How Microsoft Uses NVMe™ Solutions to Power Azure and its Data Centers

Blog

By Lee Prewitt, Microsoft

Microsoft manages its data centers using Azure, our cloud computing solutions for building, testing, deploying, and managing applications and services. For nearly a decade, this open, flexible, enterprise-grade technology (now available in over 54 regions around the world) has operated as Microsoft’s answer to the incredibly expanding storage industry.[1]

Let’s talk NVMe™ technology and Azure…Microsoft’s Azure data center capacity is enormous and most servers in the Microsoft data center have at least six NVMe drives in them, which equates to millions and millions of drives being used. As you can imagine, a system of this capacity presents its challenges, including form factors, rot in place and debugging solutions, telemetry issues and security matters.

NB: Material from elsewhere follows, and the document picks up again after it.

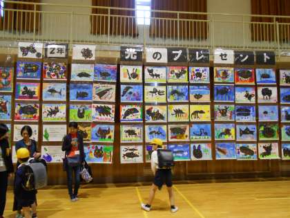 3限目の学習参観が終わってからは,児童とお家の人達がいっしょに講堂に入り,作品の鑑賞ができます。自分の作品について説明をしたり,他の学年の良い作品について話したりして,鑑賞を楽しんでいました。

Challenge One: Form Factors

From Microsoft’s perspective, the power and thermal constraints and the fact that it’s not hot-swappable have caused the M.2 form factor to run its course in the enterprise. Enter EDSFF, which stands for Enterprise and Datacenter SSD Form Factor Working Group, and its collection of form factors. E1 family of form factors are replacing M.2 as they are built from the ground up for data center uses cases, while also supporting NVMe specifications.

Source: Intel

Source: OCP Storage

Source: https://www.flashmemorysummit.com/English/Collaterals/Proceedings/2018/20180808_SSDS-201-1_Shaw.pdf

Challenge Two: Rot in Place – Graceful Degradation of SSDs

SSDs can be used inefficiently in the data center, resulting in poor performance and shortened life.  We needed to find a way to better use NVMe SSDs and extend the life of the drive. By using NVMe’s Zoned Namespaces (ZNS) technology. ZNS are an excellent solution because they take aspects of shingle magnetic recording for Azure’s data centers and add them to SSD drives, allowing engineers to write it sequentially in well-defined chunks. The data may then be read randomly, and the zone of the data will be reset. At the end of the process, the write pointer returns and can be reset and then the process starts all over again. We also use Zoned Namespaces to minimize garbage collection, which is extremely useful when large writes occur. You can find out more about ZNS at NVM Express and Zonedstorage.io

Source: https://zonedstorage.io/introduction/zns/

Challenge Three: Debugging

In terms of debugging solutions, Microsoft couldn’t ask for a better option than NVMe technology. NVMe architecture allows Microsoft to timestamp exact drive events correlated to individual system events. One example of this is through the power of a drive, which will provide the actual wall clock time during the debugging process. If issues arise in the drive during debugging, our engineers can recover the precise timestamp where they arose and then access that specific entry point to alleviate the problem.

Challenge Four: Telemetry

Telemetry refers to an umbrella of tools, utilities and protocols to remotely extract and decode information for debugging potential issues. NVMe telemetry solutions help Azure data centers facilitate standardizations when issues arise and put a process in place for data to be collected, stored and reported back to an In-House Programmer (IHP). Another great feature of NVMe telemetry is that it works over industry standard protocols and eliminates or minimizes the need to remove SSDs from vendor systems for retrieving things like debug logs.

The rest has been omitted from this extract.